Selling pressure on gold may continue
《每日经济新闻》 learned that the research report published by Gavekal mentioned above was written by Charles Gave and Louis-Vincent Gave. In the report, the two authors point out that for many years, the market has defaulted to U.S. Treasury bonds as the preferred reserve asset, and that what central banks around the world primarily hold is U.S. government bonds.
The report says that entering the second decade of this century, the return on gold has far outpaced others, and the return on Chinese government bonds is also the case. “Gold is clearly the ultimate ‘neutral’ asset; in other words, gold is not anyone’s liability.”
The report further notes that since the beginning of 2002, investors should have held gold rather than U.S. government bonds, and this judgment still holds today.

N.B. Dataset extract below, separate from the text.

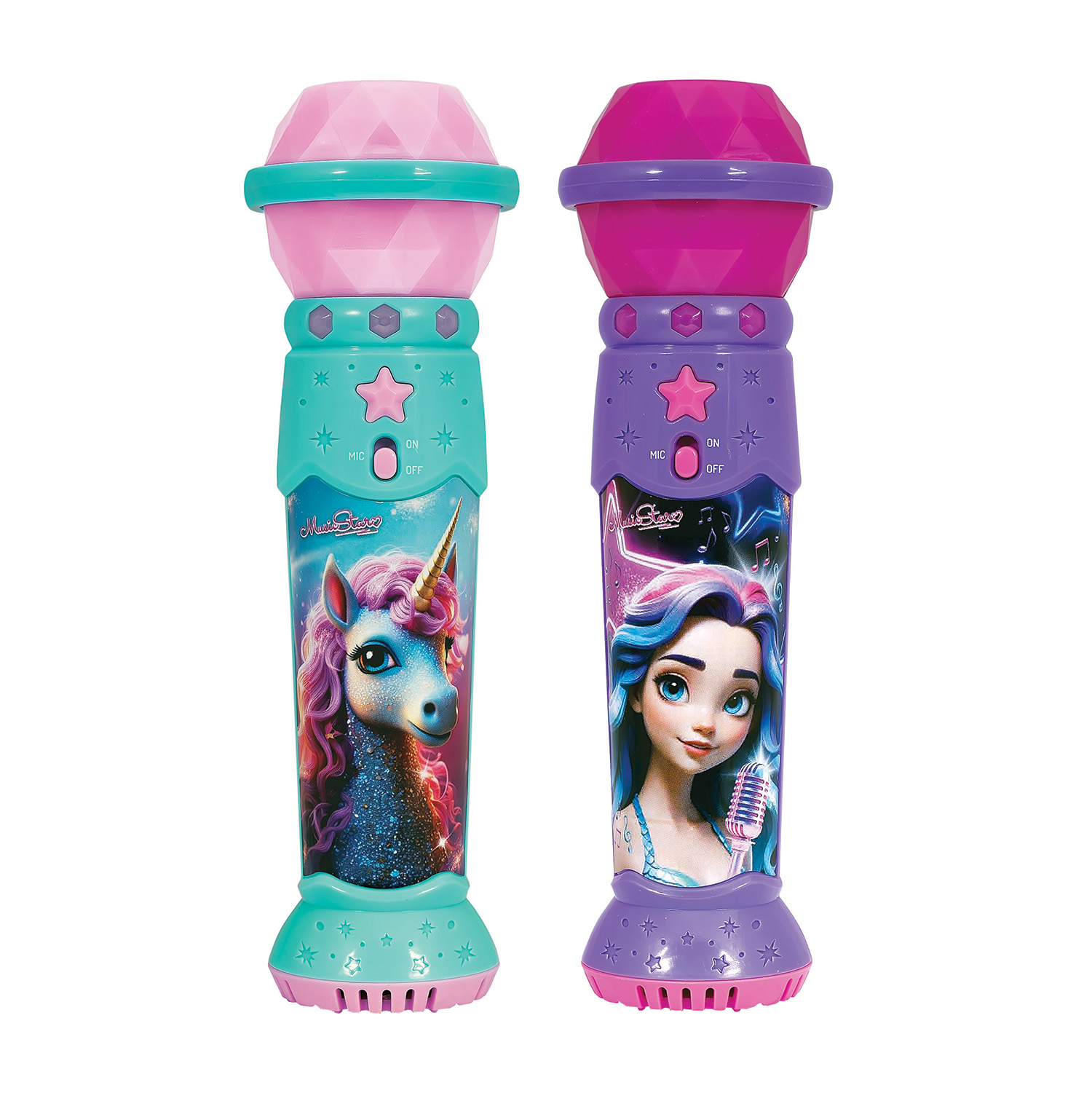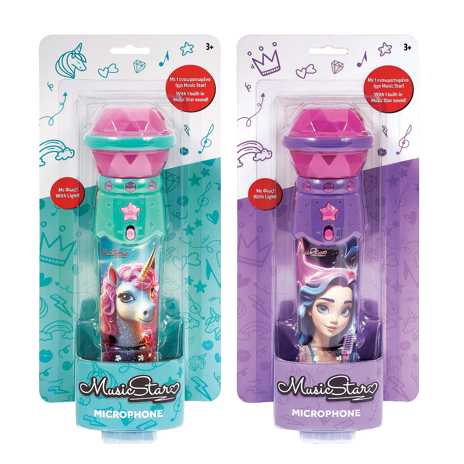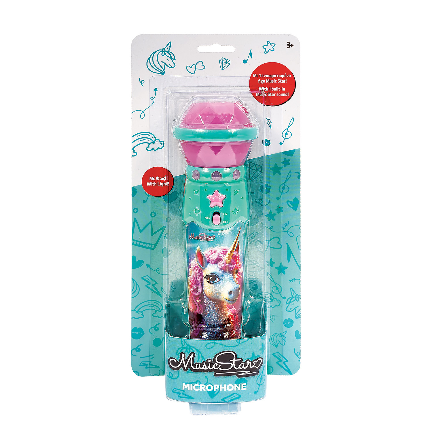 Γίνε η απόλυτη σταρ με το εντυπωσιακό μικρόφωνο Music Star! Με φωτεινά εφέ και ενσωματωμένο ήχο, το παιχνίδι γίνεται ακόμα πιο διασκεδαστικό, δίνοντας σε κάθε παιδί τη χαρά να τραγουδήσει και να λάμψει στη σκηνή. Διατίθεται σε 2 σχέδια με εντυπωσιακές παραστάσεις μονόκερου ή τραγουδίστριας, για να διαλέξει κάθε παιδί το αγαπημένο του στυλ. – Με ενσωματωμένο ήχο “Music Star” – Με φως για ακόμα πιο εντυπωσιακή εμφάνιση – Ιδανικό για παιχνίδι ρόλων και καλλιτεχνική έκφραση

However, recently the price of gold has seen significant volatility, and the market has raised such questions—why did the price of gold fall sharply in the short term?
The simplest explanation is that gold was previously severely overbought, and overbought assets often get hit. Public data shows that over the past four years, central banks around the world combined have purchased between one-quarter and one-third of the world’s annual gold mine output.
The research report further analyzes that another possible explanation is that the newly seated Federal Reserve will be more hawkish than the market expects, and the collapse of rate-cut expectations is undoubtedly one factor behind the recent pressure weighing on gold over the past few weeks. Once the market stabilizes, gold can resume its upward trend. However, the recent selling pressure on gold may persist until overall market volatility eases.
In the above research report, the two authors also propose a new perspective: within the framework of the “Aleleparadox” and the “Wicksell interest rate theory,” the market assumes a binary choice between gold and U.S. government bonds, but people today are no longer living in such a binary world. For many countries, many central banks, and less dogmatic investors, Chinese government bonds are now a viable alternative choice.
Chinese government bonds’ hedging attributes stand out
The above research report shows that after experiencing geopolitical shocks, Chinese government bonds have performed steadily and are becoming a truly feasible alternative reserve asset.
“Since China began opening its bond market to foreign investors, we have stated multiple times the reasons for investing in Chinese government bonds.” In the research report, the two authors point out that the data itself speaks for the matter. Since 2012, investing in Chinese government bonds has been one of the few ways to make global government bond portfolios achieve returns that run ahead of U.S. inflation. During this period, investors who invested in other major bond markets suffered significant losses. For example, investing in the bond markets of Japan, Germany, and the United Kingdom even resulted in nominal negative returns. Among major peers, only Chinese government bonds outperformed U.S. inflation.
So what “macroeconomic” reasons can explain why Chinese government bonds can be seen as a potential reserve asset?
In response, the research report gives the following reasons: first, China firmly remains a global industrial superpower, laying a strong industrial foundation for renminbi assets; second, China’s advantages in global trade continue to stand out—now, aside from a few regions, China is the main trading partner for most parts of the world; third, China is now a world power electricity giant, forming a long-term comparative advantage in the power sector. The electricity produced by China is more than that of any other country, and at a lower cost. Given that the future “fuel” is electricity, China can generate, transmit, and store electricity at costs far below those of other countries, which is clearly a comparative advantage.